Before they wowed the world with BioShock, Irrational Games had a tactical zombie survival-horror game in the works. Titled Division 9, the game was a passion project for the studio before its cancellation.

Taking cues from the studio’s previous SWAT series, the game was set on the outbreak of a zombie apocalypse where players were forced to work like an oiled machine to extract survivors from zombie hordes. Players could also create traps for zombies or re-enable city services. With Irrational Games now defunct, it’s unlikely Division 9 will rise again.

8. ‘Faith and a .45’

A Bonnie and Clyde-style shooter that emphasized story, character, co-operative play, and cinematic flair, the cancelled Faith and a .45 could have been a real stand-out game. Set in the Great Depression, players take on the roles of Luke and Ruby, two outlaw lovers on a cross-country journey determined to take down ruthless oilmen and oppressive, authoritarian forces.

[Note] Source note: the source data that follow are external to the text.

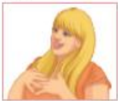
ma belle-mère my step-mother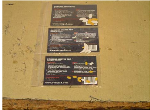
Figure 8 Different pads to cover the wide range of mice designs.

The Corepad SKATEZ PRO mice feet specifications from Corepad's web site: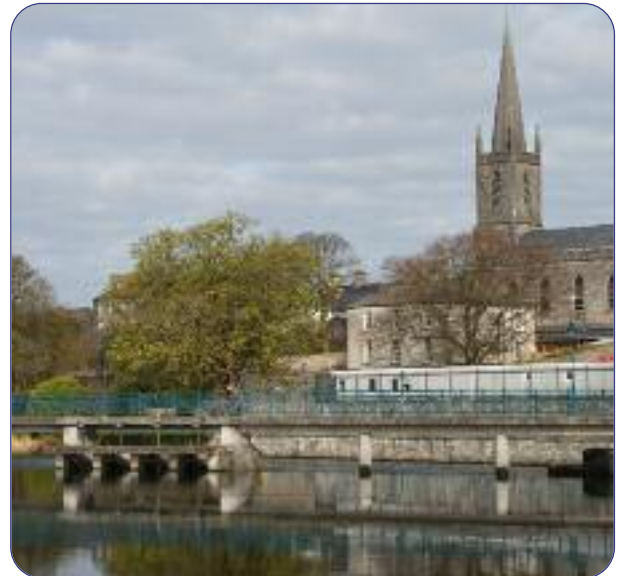
Sean Fallon Bridge.

Health & Safety continues to be an integral element of the Local Authorities undertakings.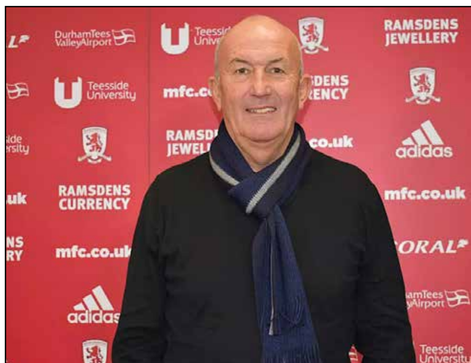
PULIS: "I really am looking forward to this."

established himself as a manager of Premier League calibre, having led Stoke City to promotion in 2008/09 and keeping the side afloat until he left in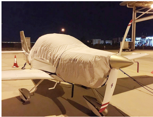
Tecnam Astore Canopy & Engine Covers

This cover type is made from Silver Acrylic Sunbrella canvas and is 100% lined with a soft and smooth microfiber. Bruce's Custom Covers developed this material combination especially for aircraft protection. The outer material is medium weight and treated for water resistance, UV resistance and anti-static buildup. The inner lining is a very soft and smooth microfiber to prevent scratching. The material is very reflective, and tests show that the cabin interior temperature can be reduced to near-ambient temperature on the hottest of days. It is water, ice and snow repellent, yet breathable to allow moisture to escape from between the cover and the aircraft surface.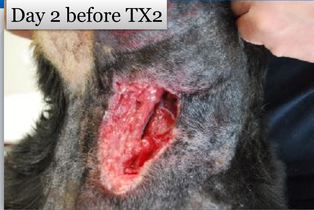
Day 2 before TX2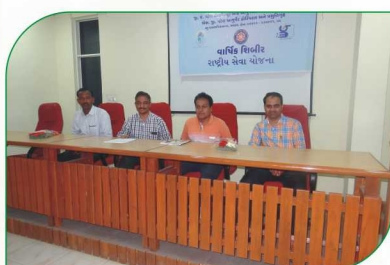
NSS camp inauguration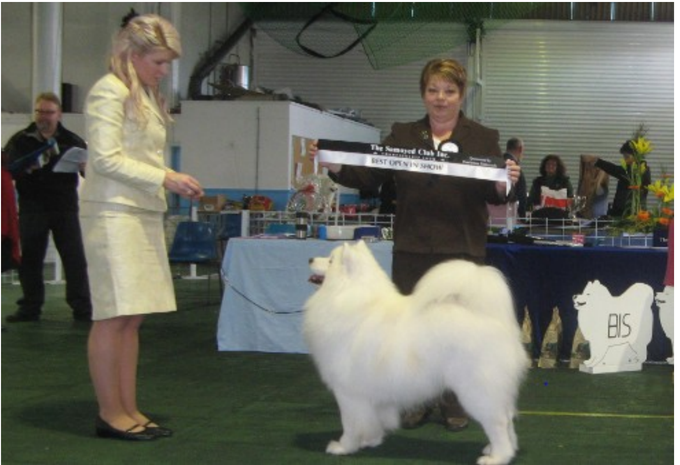
Best Open in Show: CAN&AM&ENG&NZ GR CH VANDERBILT'S ONE COOL CAT (IMP-CAN) (Carleton, Bello)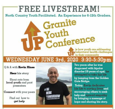
The 3rd Annual UP Granite Youth Conference is a livestreamed event on June 3 . Checkout the <u>UP flyer</u> for details.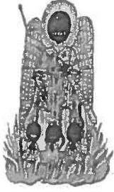
Law of Jubilees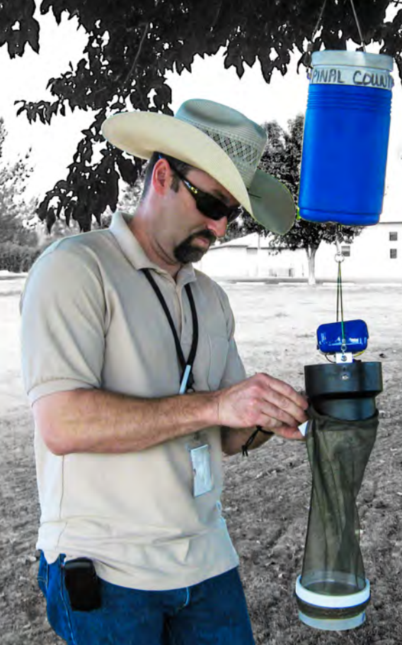
Pinal County Vector Control Program staff setting up a mosquito trap for monitoring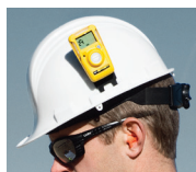
Hard Hat Clip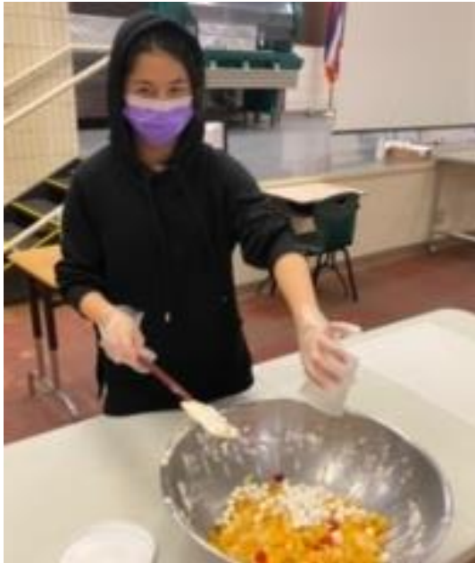
Students adding cream cheese, whipped cream and marshmallows to their fruit to make ambrosia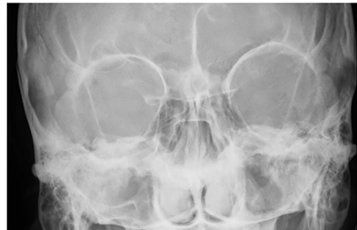
Fig. 6. Orbit X-Ray after extraction.

Oral azytromicine 500 mg a day for 6 days was prescribed and local skin tobramicine ointment was applied.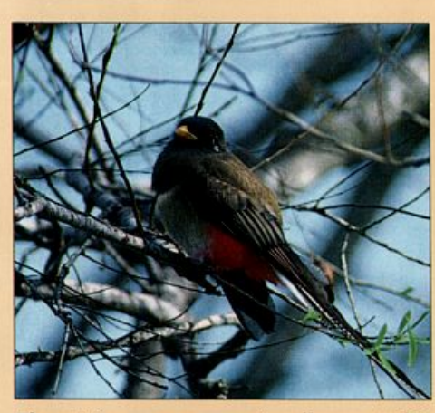
Elegant Trogons are occasionally reported in Texas, but this female at Delta Lake on January 28, 1990, was one of very few ever to be documented in the state.

The ironically-named Deadline Games shelved the project and folded after another co-op game of theirs, Watchmen: The End is Nigh was released in 2009.

9. ‘Pirates of the Caribbean: Armada of the Damned’

Oh hey. Disney again.

An open-world action RPG set before the first Pirates of the Caribbean, Armada of the Damned focused on a swashbuckler named Sterling brought back to life by supernatural forces. Based on the actions the players take from there, Sterling can either walk a Legendary path — acting with pirate’s honor and nobility (do pirates have any?) — or a Dreaded voyager, where Sterling becomes shrouded in mystery and instills fear.

Effectively Mass Effect but with fucking pirates, the game wasn’t going to be tied down to the movies so these games could have seriously taken off. Assassin’s Creed have since fulfilled gamers’ wishes to be a thief of the seas… but still, we could have had more.

10. ‘Untitled Marvel Fighting Game’

The now-closed EA Chicago had a wild Marvel-themed fighting game in the works just a few short years before Marvel took over the world with The Avengers franchise.

Marvel vs. Capcom is great, but it’s a straight arcade fighter. This game looked intent on recreating the wild, explosive brawls seen in the comics and movies, and its stylish shading looked great to boot.

Disney now controls Marvel, and despite killing it at the worldwide box office Disney is on this list a lot. So it’s unlikely we’ll see a game like this again.

Looking at this whole list is such a big disappointment. But at least we’re getting Shenmue 3.